Friday, May 31, 2013

Consider Taking a Contemplative Stroll this Summer...

Click here to see the folio of images from the stroll...this photo by Paul Buckley.

   In April, I led a contemplative stroll at the Thoreau Farm.  It was a glorious day and the participants each recorded their unique impressions of the landscape.  For all of them, it was their first such endeavor.  I think they will agree with me that to think "contemplatively" as you photograph opens  up a whole new world for you.  A world where perception is separated from judgement...where seeing becomes beholding and you enter into a true relationship with the landscape.

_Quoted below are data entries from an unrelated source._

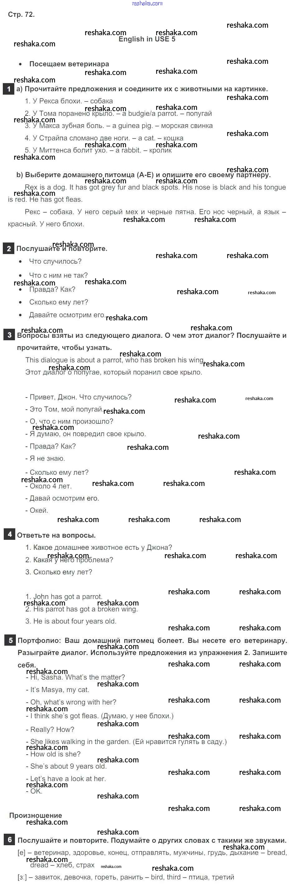 Решака - онлайн ответы Английский язык Ваулина, Дули за 5 класс Учебник ФГОС 2015 - стр. 72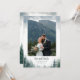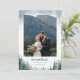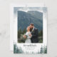 Esta tarjeta de agradecimiento de boda de pino presenta una fuente moderna divertida y ricos árboles de hoja perenne de acuarela contra una página blanca. ¡Agrega tu propia foto!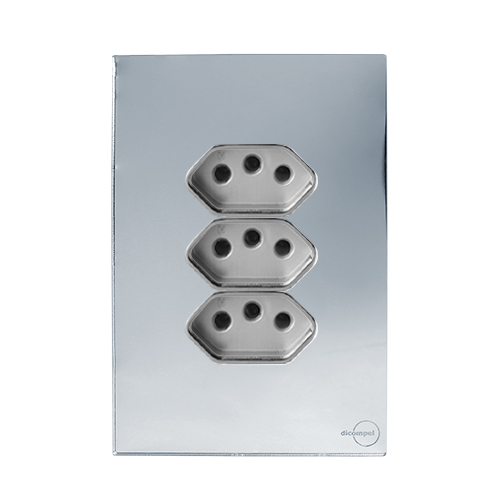 1. CJ TOMADA TRIPLA 20A COM SUPORTE 4X2 - DICOMPEL NOVARA PRATA CROMADO - DNV1300/151PRCR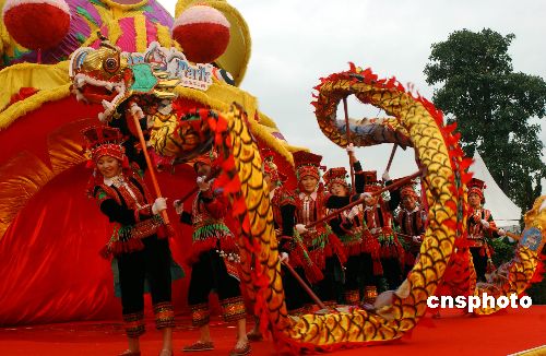 一月三十一日,穿上傳統(tǒng)民族服式、來自云南的女子舞龍隊在香港海洋公園演繹金龍獻(xiàn)瑞,向游客及市民拜年。當(dāng)日,香港海洋公園公布在農(nóng)歷新年期間,將推出冰上百老匯、金銀滿冰宮、女子舞龍大匯演、醒獅賀歲等八十八個新春熱點。中新社發(fā) 蔡蔓莉 攝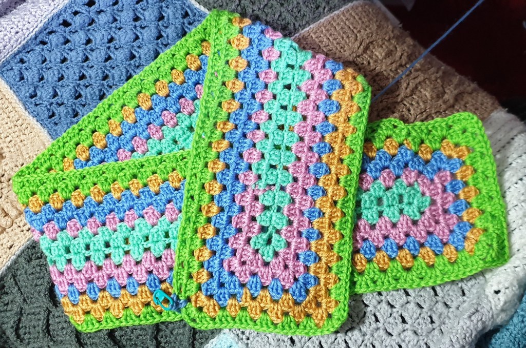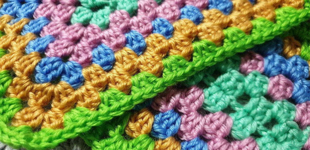 The other day my daughter and I were commenting that our leather sofa is cold when you first sit on it, and saying we should have a blanket over it. We already snuggle ourselves with crochet blankets on cold evenings, but we don’t have one big enough to cover the sofa. As I’ve recently had a yarn sort-out, I was aware of how many small balls of yarn I have, so I decided that I will make a simple granny square style blanket from random small balls or leftover bits of yarn.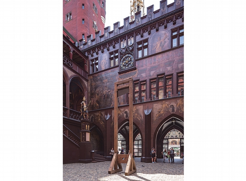 Parcours項目中的其中一項作品在舊市政廳,藝術家Piero Golia擺放一件斷頭台,挑戰權威。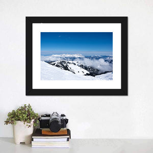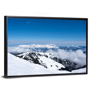 This landscape artwork captures the serene beauty of Austria's snow-covered mountains, framed by wispy clouds and tall pine trees. The crisp colors of blue, white, and green reflect a majestic winter atmosphere, making it a perfect addition to any nature lover's decor.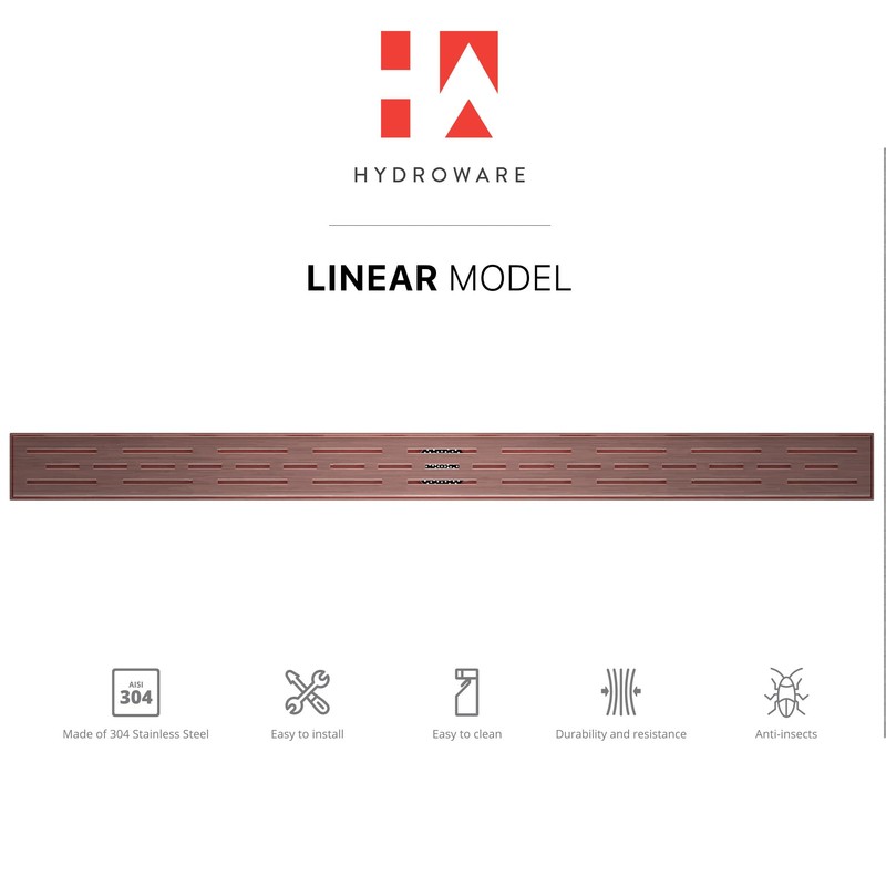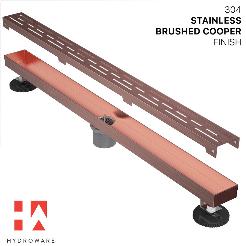 Hydroware Linear Shower Drain - Stainless Steel Rectangular Shower Floor Drain with Removable Patterned Grate, Hair Strainer, Threaded Adapter (Copper, 36 Inches)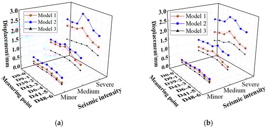 Table 8 presents the maximum peak displacement of the three models under seismic actions of varying intensities. It can be seen that there are significant differences in the maximum displacement responses among the three models, with Model 2 exhibiting the largest displacement response, followed by Model 1, and Model 3 having the weakest displacement response. That is to say, the deformation of Model 2 is the most obvious, followed by Model 1, and the deformation of Model 3 is the smallest.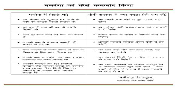 पूर्व मंत्री नोबेल वर्मा ने कहा कि मनरेगा केवल योजना नहीं, बल्कि गरीबों को मिला संवैधानिक अधिकार था। मोदी सरकार ने इस अधिकार को खत्म कर मनरेगा की आत्मा को ही मार दिया है। केंद्र द्वारा हिस्सेदारी घटाकर राज्यों पर बोझ डालना मनरेगा को धीरे-धीरे बंद करने की साजिश है। यह सीधा-सीधा मजदूर विरोधी फैसला है।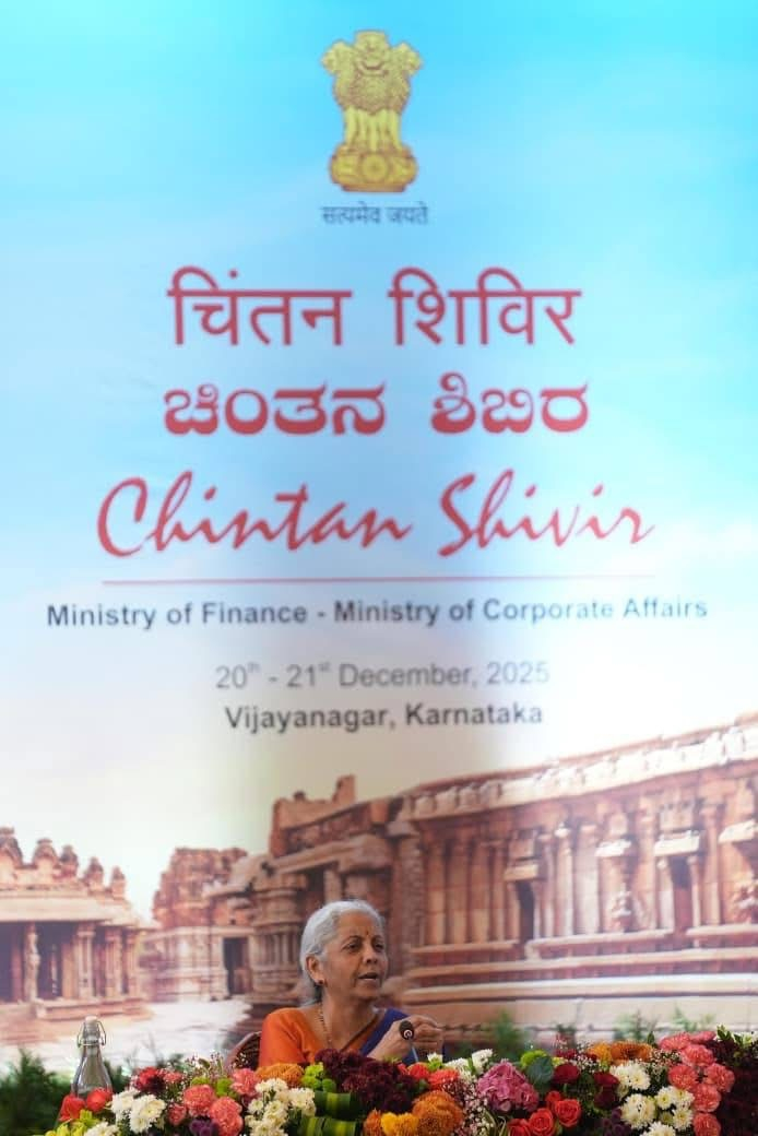 VIJAYANAGARA, KARNATAKA — Union Minister for Finance and Corporate Affairs, Smt. Nirmala Sitharaman,chaired a high-level ‘Chintan Shivir’ in the historic city of Vijayanagara, Karnataka, this Sunday. The brainstorming session, attended by Union Minister of State for Corporate Affairs Shri Harsh Malhotra and senior officials, focused on aligning national economic policies with the vision of #ViksitBharat.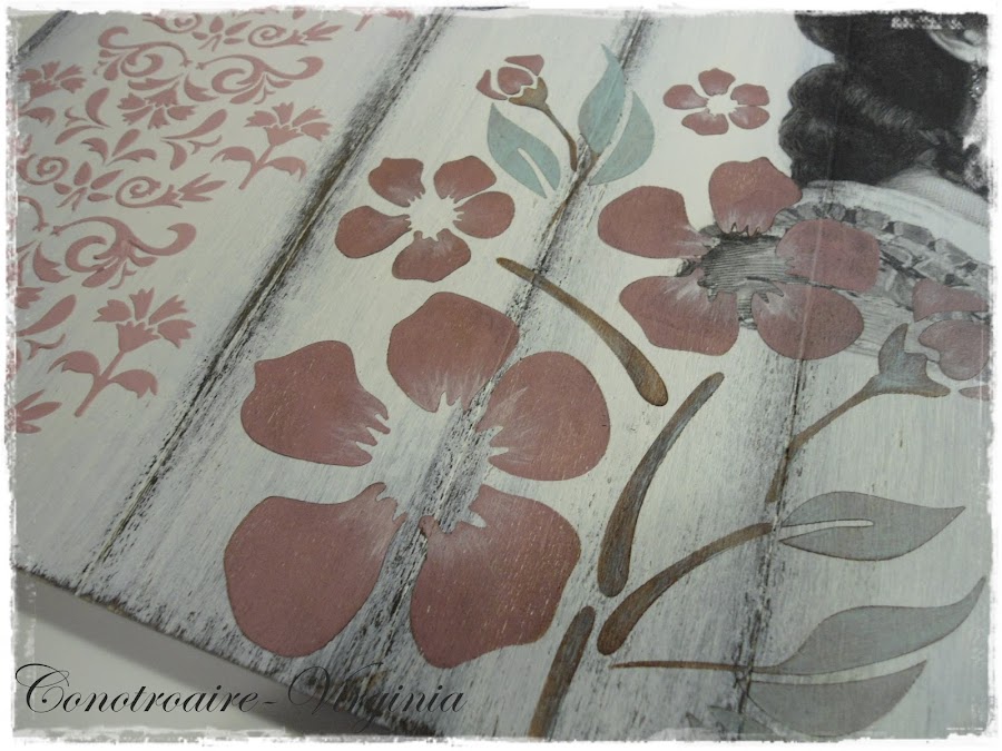 Toda la parte de abajo, el motivo floral, esta hecho con stencil.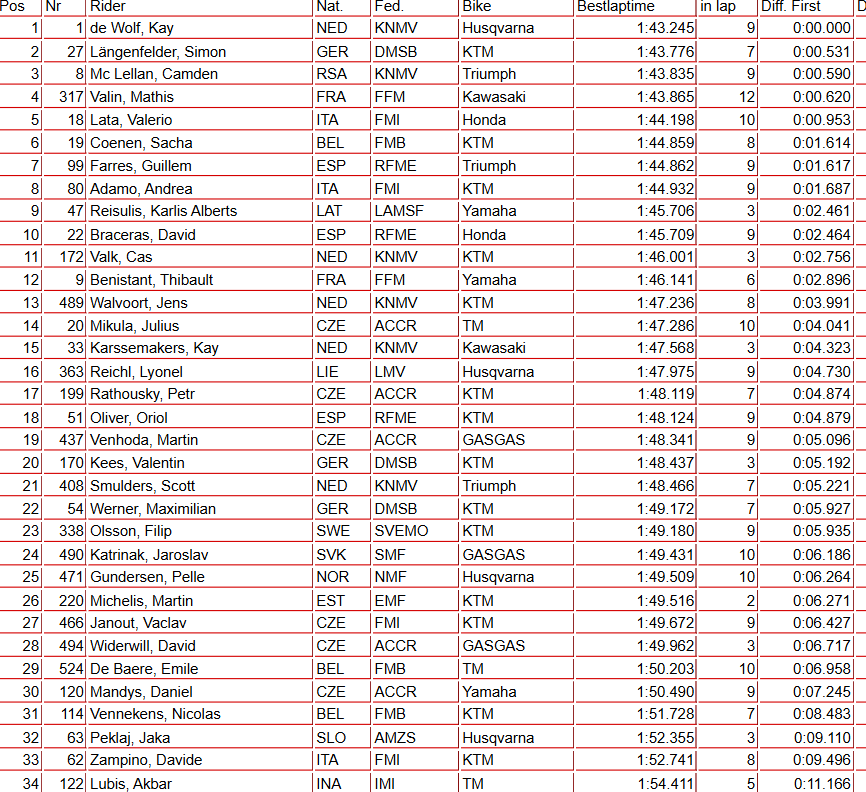 El actual campeón del mundo, Kay de Wolf, dominó la sesión de cronos en MX2 con autoridad. El piloto de Nestaan Husqvarna fue mejorando sus tiempos vuelta tras vuelta hasta marcar un 1:43.245, superando por más de medio segundo al líder del campeonato, Simon Längenfelder (Red Bull KTM), y a Camden McLellan (Monster Energy Triumph).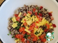 Манго нарезать мелким кубиком. В чашу выложить рис, манго, болгарский перец, посолить, поперчить, влить сок лимона, перемешать и убрать в холодильник на час. |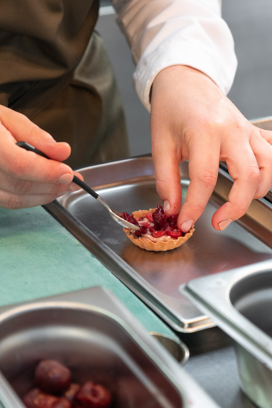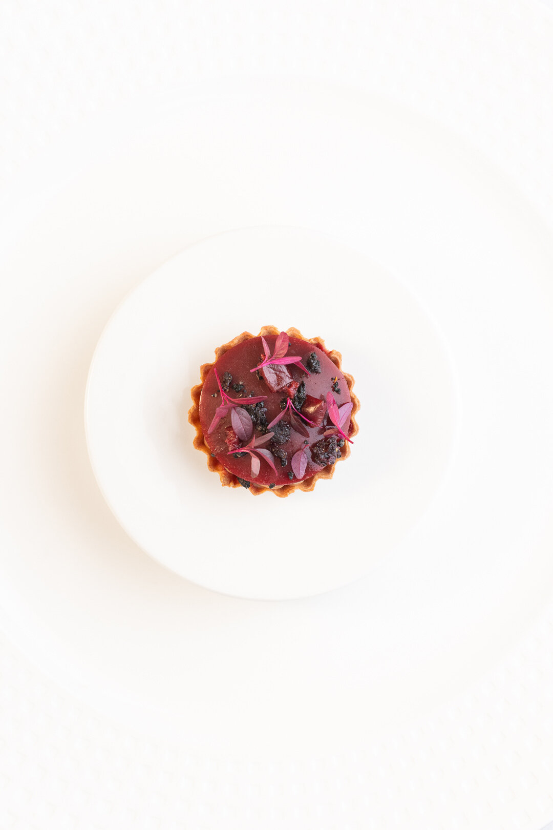 tartelette cases - ganache faux gras - cherry powder - cherry jelly - cherry gel - frozen pomegranate seeds - frozen sweet cherries - scarlet cress

   I posted the guided meditations we used that day and you can use them for any walk you might take this summer.  Here are some further suggestions.
  •  At the beginning of your stroll, sit and think about your intentions.  Try to clear your mind of expectations.  Pledge to do the stroll without prejudice or judgement. Accept whatever you find.  Be open to what attracts your attention and stay with it for awhile.  Try not to put a time limit on the stroll...let it go slowly and meditatively, as a walking meditation.
  • As you move along your path, take time to sit and experience the landscape through all your senses...what does your ears hear?  What do you smell? What draws your hand to touch?
  • Consider each thing that compels you to photograph it a "breadcrumb".  Let it lead you on.
  • If possible, turn around and retrace your steps back.  Do this to discover all the things you missed on the way out since you will be seeing them from a new perspective.
  • At the end of your stroll, take a few moments to jot down your impressions in your journal.  Did any of your images you received surprise you?  Did you find a "theme" to your series of photographs? Did your time in the environment change your thoughts in any way?
   You could take the same stroll again and not see the same things.  Each time you are, in a very real way, walking in a whole new landscape.  The light won't be the same, or the weather, and you are not the same either.  Brother Paul Quinon at the Gethsemani Abbey in Kentucky has been walking and photographing the "same" landscape for over 50 years!  He told me that each walk is an entirely new experience for him.  Henry David Thoreau walked the fields and woods around Walden pond his entire life and never tired of it.

The real voyage of discovery consists not in seeking new
 landscapes but in having new eyes.
- Marcel Proust

   So, find your place to take a contemplative stroll this summer.  Perhaps promise yourself to revisit it in each season.  Hmmm....this sounds like the beginning of a new photographic series to me!